In an interview with "N" at the end of his two-day visit to the Greek capital on Tuesday and following high-level contacts with the country's leadership, he also recognized that much more needs to be done in terms of boosting entrepreneurship and attracting investments.
"...the second review is ongoing, good progress was made, there are still some adjustments that need to be made in order to reach a staff-level agreement between all the institutions... it is perfectly feasible (to conclude the review by Dec. 5) and that's the message I carried here (Athens)," he said, while declining to comment on what reforms remain pending.
Asked if the current Greek government has "taken possession of the program", an oft-repeated catchphrase question over the years to gauge whether successive Greek governments are seriously implementing structural reforms and meeting targets, he responded: "Yes, undoubtedly, things have changed dramatically since July 2015".
Moreover, in a biting remark aimed at the controversial former Greek finance minister, he said that "under the ministry of Mr. (Yanis) Varoufakis we could never negotiate".
"This government really delivers..." he immediately added.
Moscovici said there is "no alternative" to the IMF's participation in the Greek program, saying the Fund is a guarantee for both Greece and its creditors.
Moreover, Moscovici was asked exactly where he bases his optimism over the med-term outlook for Greek economy, given skyrocketing arrears by the private sector to the state (above 92 billion euros), NPLs worth more than 50 percent of GDP, a paltry return of deposits to Greek banks and growing unemployment, with a 15-year record of 83,000 jobless added to official rolls in October 2016.
"My optimism is not the optimism of fantasy, our forecast, as with other institutions, show that there should be growth of something like 2.7 percent in Greece in 2017, or a bit more in 2018.... After all these efforts, they start to bear fruit; confidence is coming back and the structures are sounder," he said, noting that he broached the issue of NPLs with both the government and Greek bank leaderships.
Queried over the "policy mix" followed by the Athens, especially the trend to impose ever higher direct and indirect taxes in order to meet fiscal adjustment, the influential economic and financial affairs Commissioner said the issue of tax rates fell in the domain of national sovereignty.
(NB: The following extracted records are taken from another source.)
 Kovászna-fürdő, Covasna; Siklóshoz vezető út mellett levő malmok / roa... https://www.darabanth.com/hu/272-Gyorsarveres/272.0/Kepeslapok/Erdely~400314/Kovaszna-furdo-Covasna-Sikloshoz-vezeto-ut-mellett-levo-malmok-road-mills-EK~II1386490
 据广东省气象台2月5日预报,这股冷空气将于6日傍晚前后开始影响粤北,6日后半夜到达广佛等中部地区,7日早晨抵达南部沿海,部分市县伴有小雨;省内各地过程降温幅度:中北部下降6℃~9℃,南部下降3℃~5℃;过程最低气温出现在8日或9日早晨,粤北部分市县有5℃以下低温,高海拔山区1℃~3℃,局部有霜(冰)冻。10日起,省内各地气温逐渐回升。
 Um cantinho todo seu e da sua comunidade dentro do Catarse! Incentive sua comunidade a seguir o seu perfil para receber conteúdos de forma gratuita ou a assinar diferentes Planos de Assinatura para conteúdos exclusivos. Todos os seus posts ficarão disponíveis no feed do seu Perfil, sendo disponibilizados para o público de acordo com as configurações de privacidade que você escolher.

Nevertheless, he admitted business leaders he met expressed concern over the situation.
"The adjustment had to be serious because we did not invent the crisis, we did not create the crisis, the crisis is not imposed by authority... efforts needed to be made before, because the crisis was pre existing," he stressed.
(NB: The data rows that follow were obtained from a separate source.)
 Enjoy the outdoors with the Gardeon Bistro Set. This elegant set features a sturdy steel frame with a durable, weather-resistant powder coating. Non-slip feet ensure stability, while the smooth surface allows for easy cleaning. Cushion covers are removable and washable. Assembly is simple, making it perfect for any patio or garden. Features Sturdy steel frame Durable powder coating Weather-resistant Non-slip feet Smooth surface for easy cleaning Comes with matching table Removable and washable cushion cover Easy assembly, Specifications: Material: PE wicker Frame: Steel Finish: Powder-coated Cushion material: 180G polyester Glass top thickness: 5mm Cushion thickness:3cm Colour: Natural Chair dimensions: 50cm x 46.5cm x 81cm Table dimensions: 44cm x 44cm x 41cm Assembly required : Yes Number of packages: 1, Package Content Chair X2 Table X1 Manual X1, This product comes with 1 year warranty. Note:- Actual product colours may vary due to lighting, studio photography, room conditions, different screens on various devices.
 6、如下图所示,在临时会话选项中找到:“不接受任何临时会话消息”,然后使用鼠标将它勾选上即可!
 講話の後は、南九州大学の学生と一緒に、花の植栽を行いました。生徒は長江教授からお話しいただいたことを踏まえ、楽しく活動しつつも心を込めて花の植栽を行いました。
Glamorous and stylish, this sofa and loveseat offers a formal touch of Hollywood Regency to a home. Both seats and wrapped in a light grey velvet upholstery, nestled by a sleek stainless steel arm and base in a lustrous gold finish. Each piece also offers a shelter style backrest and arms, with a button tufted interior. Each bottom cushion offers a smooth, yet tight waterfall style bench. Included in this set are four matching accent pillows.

In terms of Germany's standing and very prominent opposition to any medium-debt relief for Greece prior to a successful conclusion of the third bailout in mid 2018, the French Commissioner said it's possible that the "design of medium-term measures that have to be implemented after (2018), so there could be a compromise there". He said he "hopes" this prospect materializes.
"...I think we just need to do what is fair, and if the problem exists (debt load), we've got to address it; and obviously the problem exists".